使用 atan2查找两个向量之间的角度

 atan2(vector1.y - vector2.y, vector1.x - vector2.x)

是 差分向量(连接矢量2和矢量1)和 x 轴之间的角度, 你可能不是这个意思。

矢量1到矢量2的(定向)角度可以计算为

angle = atan2(vector2.y, vector2.x) - atan2(vector1.y, vector1.x);

你可能想把它标准化为范围[0,2 π) :

if (angle < 0) { angle += 2 * M_PI; }

- π，π ] :

if (angle > M_PI)        { angle -= 2 * M_PI; }
else if (angle <= -M_PI) { angle += 2 * M_PI; }

一个可靠的方法是使用叉积求角度的正弦，使用点积求角度的余弦，并将两者与 Atan2()函数相结合。

在 C#中，这是:

public struct Vector2
{
public double X, Y;


/// <summary>
/// Returns the angle between two vectos
/// </summary>
public static double GetAngle(Vector2 A, Vector2 B)
{
// |A·B| = |A| |B| COS(θ)
// |A×B| = |A| |B| SIN(θ)


return Math.Atan2(Cross(A,B), Dot(A,B));
}


public double Magnitude { get { return Math.Sqrt(Dot(this,this)); } }


public static double Dot(Vector2 A, Vector2 B)
{
return A.X*B.X+A.Y*B.Y;
}
public static double Cross(Vector2 A, Vector2 B)
{
return A.X*B.Y-A.Y*B.X;
}
}


class Program
{
static void Main(string[] args)
{
Vector2 A=new Vector2() { X=5.45, Y=1.12};
Vector2 B=new Vector2() { X=-3.86, Y=4.32 };


double angle=Vector2.GetAngle(A, B) * 180/Math.PI;
// angle = 120.16850967865749
}
}

参见上面 GeoGebra 的测试案例。

没有人指出，如果你有一个矢量，并且想要找到这个矢量从 X 轴的角度，你可以利用这个事实，atan2()的参数实际上是直线的斜率，或者(delta Y/delta X)。如果你知道斜率，你可以这样做:

给定:

A = 要确定的矢量/直线的角度(从 X 轴)。

M = 向量/直线的有符号斜率。

然后:

A = atan2(m，1)

非常有用！

我认为这里有一个更好的公式: Http://www.mathworks.com/matlabcentral/answers/16243-angle-between-two-vectors-in-3d

angle = atan2(norm(cross(a,b)), dot(a,b))

这个公式适用于二维或三维空间。 对于2维，这个公式简化为上述公式。

如果你关心小角度的准确性，你可以这样做:

Angle = 2 * atan2(| | | | b | | a-| a | | b | | | | b | a + | a | | b | |)

其中“ | |”表示绝对值，即“向量的长度”。参见 https://math.stackexchange.com/questions/1143354/numerically-stable-method-for-angle-between-3d-vectors/1782769

然而，这样做的缺点是，在二维空间中，它失去了角度的符号。

有不能使用 atan2来计算两个向量之间的夹角。
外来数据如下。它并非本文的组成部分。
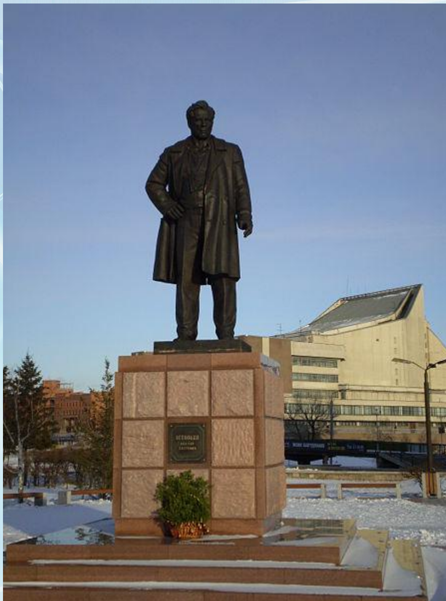
Памятник В. П. Астафьеву в Красноярске (2006). Скульптор Игорь Линеви́ч-Яворский
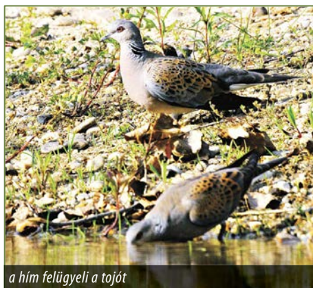
a hím felügyeli a tojót

A vadgerlek május elején érkeznek Magyarországra, és a szigetre is, amikor felhangzik a jellegzetes turbékolásuk. Ősszel déli irányba vonulnak, és a telet Afrikában töltik. Élőhelyei itt a szigetet körülvevő ártéri erdők, a falu lombosabb kertjei, és a még fellelhető erdők szélei, ligetei. Megérkezés után a párválasztás és fészekrakás az első dolguk. Fészük a többi galambhoz hasonlóan vékony kis száraz ágacskákból áll, melyet a tojó helyez nagy gondossággal egymásra, de azért a fészek a

如果您只想要最快的方式，您可以使用 dot(v1, v2)=|v1|*|v2|*cos A 得到

A = Math.acos( dot(v1, v2)/(v1.length()*v2.length()) );

作为@martin-r 答案的补充，我们应该注意到，可以使用求和/差分公式来求正弦。

angle = atan2(vec2.y, vec2.x) - atan2(vec1.y, vec1.x);
angle = -atan2(vec1.x * vec2.y - vec1.y * vec2.x, dot(vec1, vec2))
where dot = vec1.x * vec2.x  + vec1.y * vec2.y

• 警告1 : 确保角度保持在-pi... + pi 之内
• 警告2 : 当矢量变得非常相似时，你可能会在第一个参数中灭绝，导致数值不准确

angle(vector.b,vector.a)=pi/2*((1+sgn(xa))*(1-sgn(ya^2))-(1+sgn(xb))*(1-sgn(yb^2)))


+pi/4*((2+sgn(xa))*sgn(ya)-(2+sgn(xb))*sgn(yb))


+sgn(xa*ya)*atan((abs(xa)-abs(ya))/(abs(xa)+abs(ya)))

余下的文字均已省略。